Carriers have already been rapidly installing a related indoor technology, called femtocells, to serve dead spots or crowded areas inside buildings. AT&T alone has several hundred thousand Cisco-made femtocells around the United States. (The amalgamation of all these networking technologies—traditional towers serving what are known as macro cells, femtocells, small cells, and Wi-Fi networks—are known as heterogeneous networks.)

 “These smaller cells could possibly meet the data demands that we are facing with smart-phone applications,” says Narayan Mandayam, an electrical engineering professor at the Winlab, the wireless research lab at Rutgers University. “We have to do something other than what we are doing now. The carriers are already operating at a point where they are not able to meet their demands.”

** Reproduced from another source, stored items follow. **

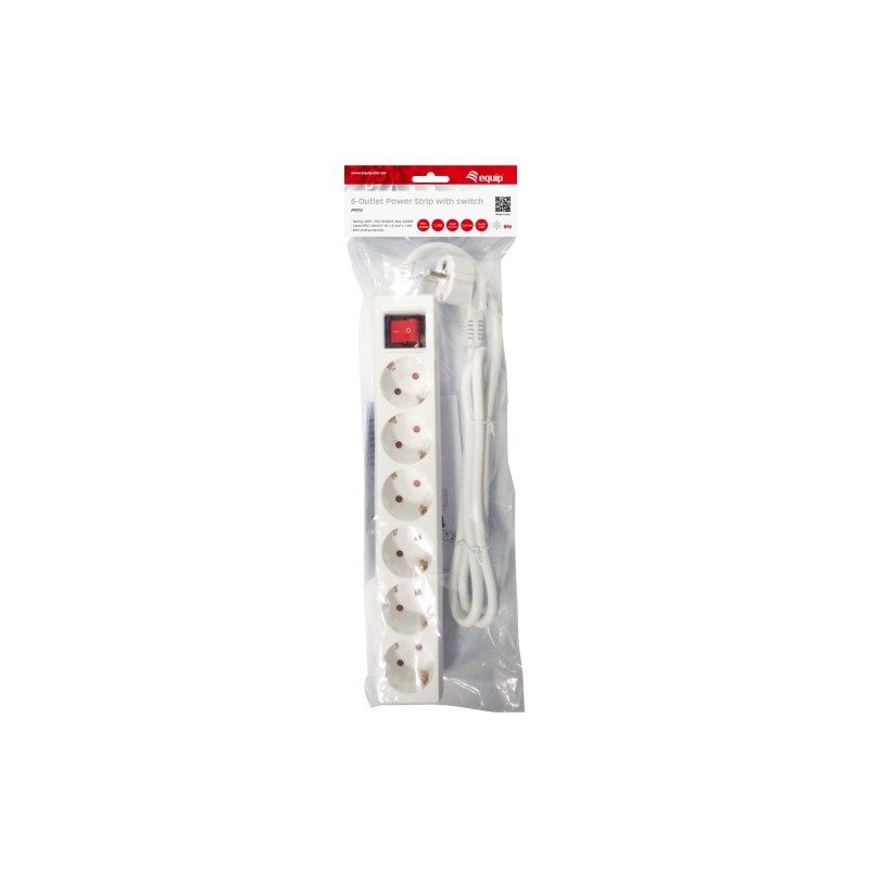 BLOCO EQUIP Power Strip 6 Tomadas Schuko C/ Interruptor Branco
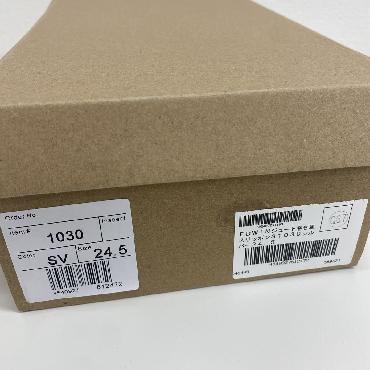 refle● 未使用保管品 EDWIN ジュート巻き風スリッポンS1030 靴 シルバー 24.5cm
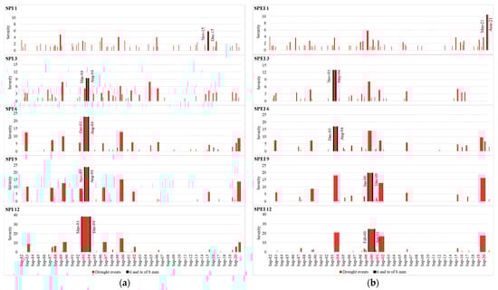 Based on the theory of run concept, the results showed that the number of drought events decreases in longer time scales (6, 9 and 12 months). However, they increase in shorter time scales (1 and 3 months). However, severity and duration increase during longer time scales. Comparing the two indices, SPEI estimates longer and more severe drought events than SPI by showing the influence of temperature in time and space. This has been confirmed by several studies [36,37,97].
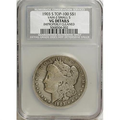 <!-- BEGIN: ICOLLECTOR - EBAY LOT HTML CODE --><style type='text/css'> #icoll_images_thumbnails, #icoll_images_mainimage, #icoll_otherlots { display: none; } div { font-family: arial, verdana, helvetica; } img { border: none; } .icoll_heading_title { background-color: #EFEFFF; color: #000; font-family: arial, verdana, helvetica; font-size: 12pt; font-style: normal; font-weight: bold; } </style><style type='text/css'>@import url(http://www.icollector.com/css/ebay/ebaylot_20070703.css);</style><script language='javascript' type='text/javascript'>function icollfunc_getelement(element_id) { var tmpelement = null; if(document.getElementById) tmpelement = document.getElementById(element_id); if(tmpelement == null) tmpelement = document[element_id]; return tmpelement; }var icollvar_mainpic = null; function icollfunc_initimages() { icollfunc_getelement('mainPicture').style.display = 'none'; icollvar_mainpic = icollfunc_getelement('icoll_images_mainimage'); var body_onload = document.body.attributes['onload']; document.body.setAttribute('onload', (body_onload ? body_onload.nodeValue : '') + 'icollfunc_fixoperaimgbug();'); }function icollfunc_changeimage(imgurl) { if(icollvar_mainpic != null) icollvar_mainpic.src = imgurl; }function icollfunc_fixoperaimgbug() { if(window.opera) { var imgobjs = icollfunc_getelement('icoll_images_thumbnails').getElementsByTagName('img'); for(var i=0; i<imgobjs.length; i++) { var w = imgobjs[i].clientWidth; if(w > 0) imgobjs[i].style.width = w + 'px'; } } }</script><script language='javascript' type='text/javascript'> var useragent = escape(navigator.userAgent); var appname = escape(navigator.appName); var dateobj = new Date(); var datetime = escape(dateobj.getFullYear()+'-'+(dateobj.getMonth()+1)+'-'+dateobj.getDate()+' '+dateobj.getHours()+':'+dateobj.getMinutes()); var referrer = ''; if(document.referrer && document.referrer != null) referrer = escape(document.referrer); new Image().src = 'http://www.icollector.com/stats/ebaylot.ashx?id=7140433&ua='+useragent+'&an='+appname+'&dt='+datetime+'&tz='+dateobj.getTimezoneOffset()+'&re='+referrer;</script><div id='icoll_images'><div id='icoll_images_prev'><a href='http://cgi.liveauctions.ebay.com/ws/eBayISAPI.dll?ViewItem&item=170135059061'><img src='http://www.ha.com/common/proxyImage.php?ebay=445-39067-1-75' alt='' /><img src='http://icollector.com/graphics/ebay_leftarrow.gif' alt='' class='arrow' /></a><div id='icoll_images_prev_info'>Prev Lot</div></div><div id='icoll_images_next'><a href='http://cgi.liveauctions.ebay.com/ws/eBayISAPI.dll?ViewItem&item=170135059081'><img src='http://www.ha.com/common/proxyImage.php?ebay=445-17117-1-75' alt='' /><img src='http://icollector.com/graphics/ebay_rightarrow.gif' alt='' class='arrow' /></a><div id='icoll_images_next_info'>Next Lot</div></div><div id='icoll_images_thumbnails'><a href='http://www.ha.com/common/proxyImage.php?ebay=445-182075-1-75' target='_blank' onmouseover="icollfunc_changeimage('http://www.ha.com/common/proxyImage.php?ebay=445-182075-1-75');"><img src='http://www.ha.com/common/proxyImage.php?ebay=445-182075-1-75' alt='' /></a><a href='http://www.ha.com/common/proxyImage.php?ebay=445-182075-2-75' target='_blank' onmouseover="icollfunc_changeimage('http://www.ha.com/common/proxyImage.php?ebay=445-182075-2-75');"><img src='http://www.ha.com/common/proxyImage.php?ebay=445-182075-2-75' alt='' /></a><div id='icoll_images_thumbnails_info'>Hover thumbnail to view large image below. Click thumbnail to view full image in new window.</div></div><div id='icoll_images_mainimage_container'><img id='icoll_images_mainimage' alt='' src='http://www.ha.com/common/proxyImage.php?ebay=445-182075-1-75'></div></div><script language='javascript' type='text/javascript'>icollfunc_initimages();</script><div id='icoll_description'><B>1903-S $1 --Improperly Cleaned--NCS. VG Details.</B></I> VAM-2, Small-S. NGC Census: (12/961). PCGS Population (7/1284). Mintage: 1,241,000. Numismedia Wsl. Price for NGC/PCGS coin in VG8 : $64. (#7288)<BR><BR><B>Coin Engraver:</B> George T. Morgan<BR><BR><b>Shipping:</b> Coins & Currency (<a target="_blank" href="http://www.heritageauctions.com/common/shipping.php">view shipping information</a>\)</div><div id='icoll_notices'><div class='icoll_heading_left'></div><div class='icoll_heading'><div class='icoll_heading_title'>Notices</div></div><div class='icoll_heading_right'></div><div id='icoll_notices_info'><B>Important notice:</B> Heritage usually auctions material at the rate of 200-250 lots per hour. On some occasions eBay Live bid software or the Internet may not be able to keep up with the pace of the auction. We recommend placing a realistic absentee bid now as insurance to avoid disappointment. Occasionally the auctioneer may eliminate or reject an eBay Live bid, and the auctioneer may also reopen a lot after the close of the eBay live bidding (usually because we missed an audience bid), and may reject your bid even if it shows you as the winning bidder. By bidding via eBay Live, you agree that Heritage may award the lot to another bidder at its sole discretion under the circumstances described above or any other reasonable circumstances. Since eBay bids are not shown to us until we open the lot on the floor, we treat those bids just like floor bids. In most cases the floor responds before the eBay bid is presented to us, due to Internet lag time, so for consistency we have made it a policy that floor bids are always considered first over tie eBay live bids. Also please note that all Heritage lots purchased through eBay Live carry a 20% Buyer's Premium with a $9 minimum Buyer's Premium. Please make sure you read the Terms and Conditions before you bid. This lot is being auctioned in conjunction with a live floor auction by Heritage Auctions. All final auction and invoice information will be supplied by Heritage Auctions, and all other information should be considered preliminary. <BR><BR><B>Winning Notification and Billing:</B> After the FINAL sessi

The small-cell technology also answers practical problems. The traditional way of adding cellular network capacity is to do so-called cell-splitting. For example, if a given region is covered by 10 macro cells, carriers might aim to erect 10 more towers and then divide the area into 20 macro cells. But this can require costly real-estate investments and zoning battles. And from a technical perspective, it creates more radio interference at cell boundaries. By contrast, Alcatel-Lucent has engineered the light radio cube to coexist with the macro cell without interference.  

The proliferation of smart phones has rapidly put the industry on crisis footing. Lately, the carriers have begun implementing data throttling. AT&T has just instituted a change to its throttling policies, now saying customers with unlimited data plans in its 3G network will face throttling only if they download three gigabytes in one month.

Part of the answer to congestion will come from new TV spectrum that is expected to be auctioned in two years under a recent deal in Washington, D.C. But adding smaller cells, and managing them smartly, will be another key solution.

“The light radio cube should help in reducing congestion,” says Yingying Chen, a computer scientist who specializes in wireless networking at the Stevens Institute of Technology in Hoboken, New Jersey. “You need something that is being deployed other than new cell towers.”